In sum, Turner has flunked his effort to create a genuine issue of material fact as to his FLSA claim. Hence Saloon's Rule 56 motion must be and is granted as to Turner's claim for back wages and damages under that statute.
Illinois Act Claim
Turner does not deny that the success of his state law claim under the Illinois Act is intertwined with the success of his federal claim under the FLSA, for the Illinois statute parallels the language of FLSA §207(a)(1). Understandably the Illinois courts therefore subject the state statute to the same interpretation and application as its federal counterpart (see, e.g., Haynes v. Tru-Green Corp., 154 Ill.App.3d 967, 977, 507 N.E.2d 945, 951 (4th Dist. 1987)).

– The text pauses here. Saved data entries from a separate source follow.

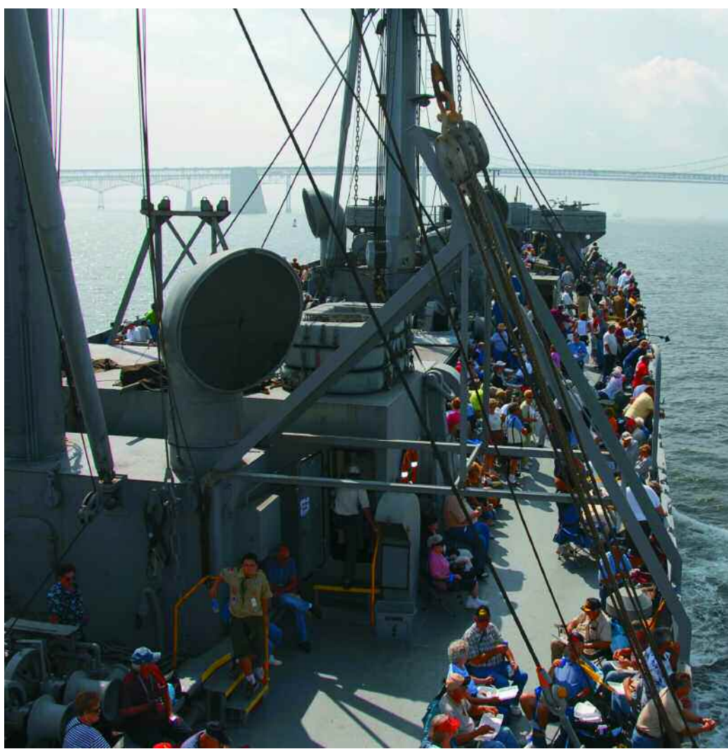
The John W. Brown is one of only two World War II Liberty ships still in operation. Named after Shipbuilding Workers' labor leader John W. Brown, the ship conducts several trips each year on Maryland's Chesapeake Bay to keep alive the legacy of those who built and those who sailed these historic ships.

The speed at which Liberty ships were built remains a testament to the motivation and productivity
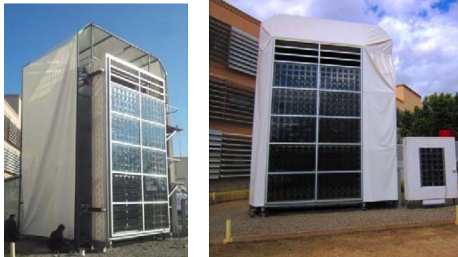
Figure 2. LOT test facility protected from solar radiation effects

To avoid uncertainties due to the effect of the solar radiation, the LOT has been covered by a white plastic sheet.
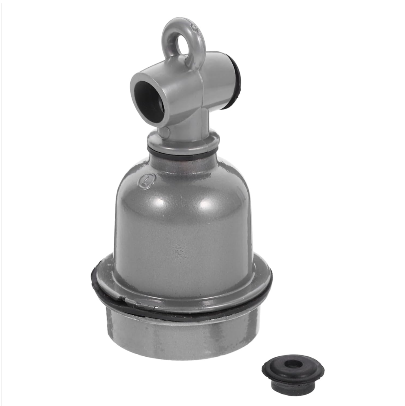
Image 1.1: Front view of the POPETPOP E27 Light Socket Base Bulb Holder, showcasing its grey finish and robust design.
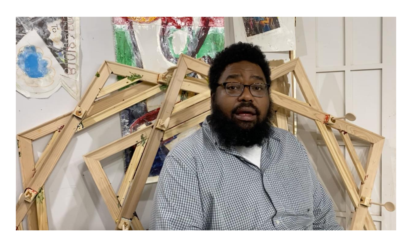
Artist Talk on Portraiture, 2020 Video Documentation 05:36 min.
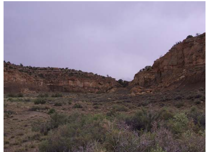
P12: View north toward head of valley
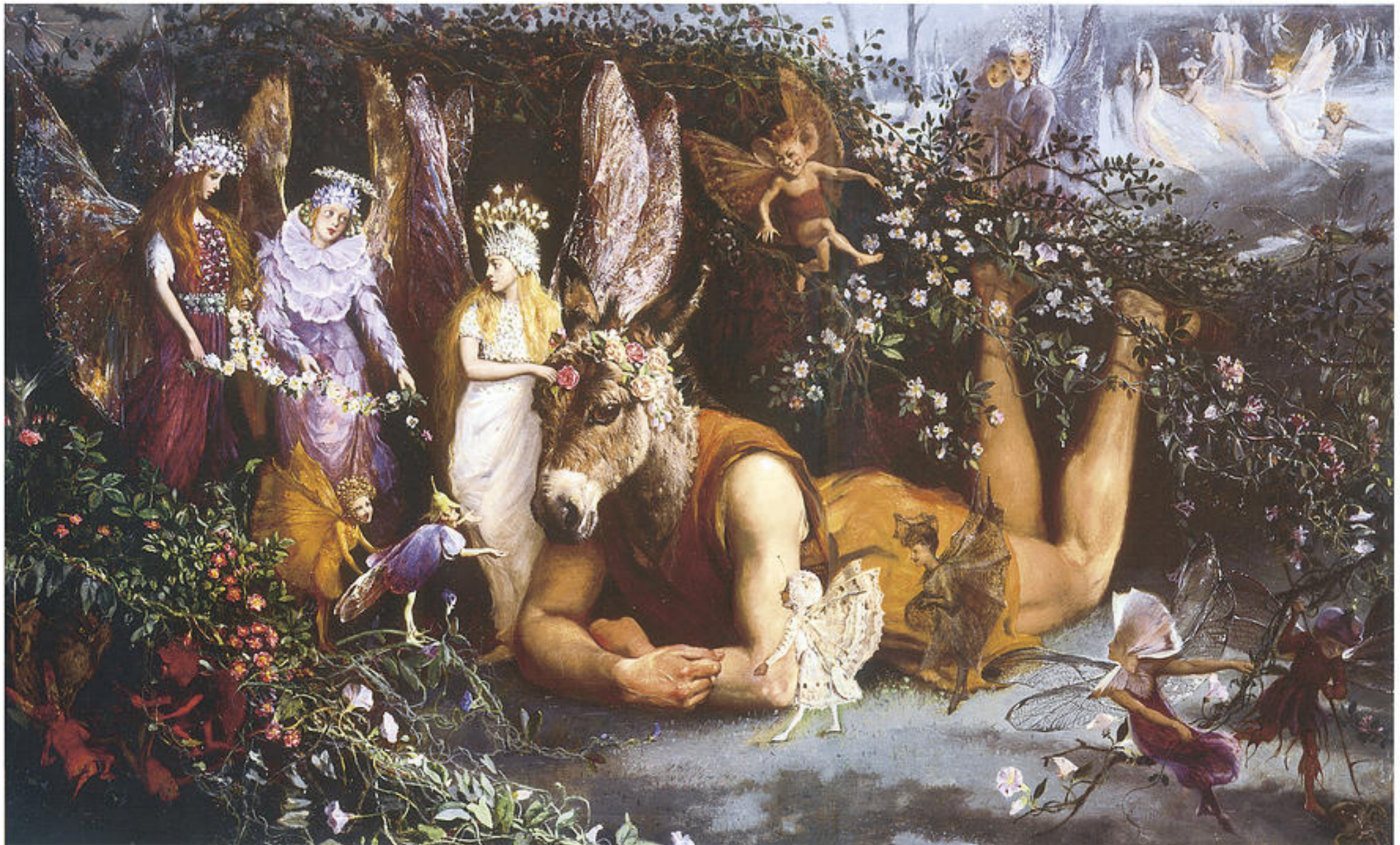
Program cover art: "Titania and Bottom" by John Anster Fitzgerald

Also in the woods, the king and queen of fairyland, Oberon and Titania, battle over custody of an orphan boy; Oberon uses magic to make Titania fall in love with a weaver named Bottom, whose head is temporarily transformed into that of a donkey by a hobgoblin or “puck,” Robin Goodfellow. Finally, Bottom and his companions ineptly stage the tragedy of “Pyramus and Thisbe.”

Like our Court of Appeals, then (see Condo v. Sysco Corp., 1 F.3d 599, 601 n.3 (7th Cir. 1993)), this Court will treat the two statutes as co-extensive. Accordingly, Saloon's Rule 56 motion as to Turner's claim under the Illinois Act is granted for the same reasons already stated as to Turner's FLSA claim.
Because he has again failed to demonstrate the existence of a genuine issue of material fact, Turner's claim that Saloon failed to compensate him accurately has come up empty. With the loss of his Wage Claims, nothing of his lawsuit remains. This action is dismissed with prejudice.